Long before Cardinal Pell faced his accusers with equanimity and grace—both natural and supernatural—he was an inspiration to many like me

In March 2019, Cardinal Jorge Urosa Savino, emeritus archbishop of Caracas, entered my office and saw above my desk a portrait of Cardinal George Pell. (It hangs beside one of Fr. Richard John Neuhaus.) Pell had been incarcerated a few weeks previously after a wrongful conviction on sexual misconduct charges.

He stopped short, as if surprised to see the portrait hanging there after the subject had been convicted in one of the Church’s most notorious sex abuse cases. He looked at it impassively for a long time in silence. It became a bit uncomfortable in the room as I waited for him to say something.

Cardinal Urosa slowly turned, fixed his eyes upon me, pointed his finger, and said in a grave voice, “Do not remove that picture—no matter who tells you!”

I had no intention of removing it. And no one has told me to do so. I would not have removed it in that case anyway. It was a gift from my 2007 visit to Sydney in preparation for World Youth Day. It had become a portrait of a white martyr.

I took the portrait down so that Cardinal Urosa could see the inscription more clearly: “Raymond, Be not afraid! Every blessing to you and your flock. +George Cardinal Pell, Feast of St. John Fisher, 22/06/07.”

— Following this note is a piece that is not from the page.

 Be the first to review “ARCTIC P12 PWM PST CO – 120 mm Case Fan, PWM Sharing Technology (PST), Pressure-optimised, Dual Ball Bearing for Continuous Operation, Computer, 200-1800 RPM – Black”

When he saw the name of St. John Fisher, Cardinal Urosa smiled with understanding and agreement. He was visiting Kingston, Ontario, as our guest at the annual St. John Fisher Dinner. The first guest to address the dinner was Cardinal Pell in 2008, who spoke with admiration and erudition about the cardinal that Henry VIII unjustly imprisoned. Now the cardinal in the portrait was giving us both inspiration from his own solitary confinement. 

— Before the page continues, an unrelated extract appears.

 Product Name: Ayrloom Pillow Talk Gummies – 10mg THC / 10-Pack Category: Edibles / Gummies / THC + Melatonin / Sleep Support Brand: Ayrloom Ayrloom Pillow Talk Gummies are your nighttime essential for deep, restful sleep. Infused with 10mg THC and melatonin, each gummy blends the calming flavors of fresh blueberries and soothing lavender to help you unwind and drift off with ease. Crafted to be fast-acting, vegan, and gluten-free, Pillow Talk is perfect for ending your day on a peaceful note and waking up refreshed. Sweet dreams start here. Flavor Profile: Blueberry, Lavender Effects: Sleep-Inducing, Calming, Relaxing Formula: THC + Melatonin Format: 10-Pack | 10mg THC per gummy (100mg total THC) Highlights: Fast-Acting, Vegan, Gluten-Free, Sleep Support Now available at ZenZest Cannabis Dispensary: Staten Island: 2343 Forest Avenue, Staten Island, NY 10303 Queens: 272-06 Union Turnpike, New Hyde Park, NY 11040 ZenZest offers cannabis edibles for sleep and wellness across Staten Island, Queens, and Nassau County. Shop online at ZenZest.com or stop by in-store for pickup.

Cardinal Urosa recognized what I knew from over twenty years of conversation with Cardinal Pell. Far from a criminal, Pell was a courageous pastor who was falsely accused precisely because of his unwillingness to compromise on the truths of the Catholic faith. He was, in his person, a “sign of the times,” to quote the dominical phrase employed by St. John XXIII regarding Vatican II.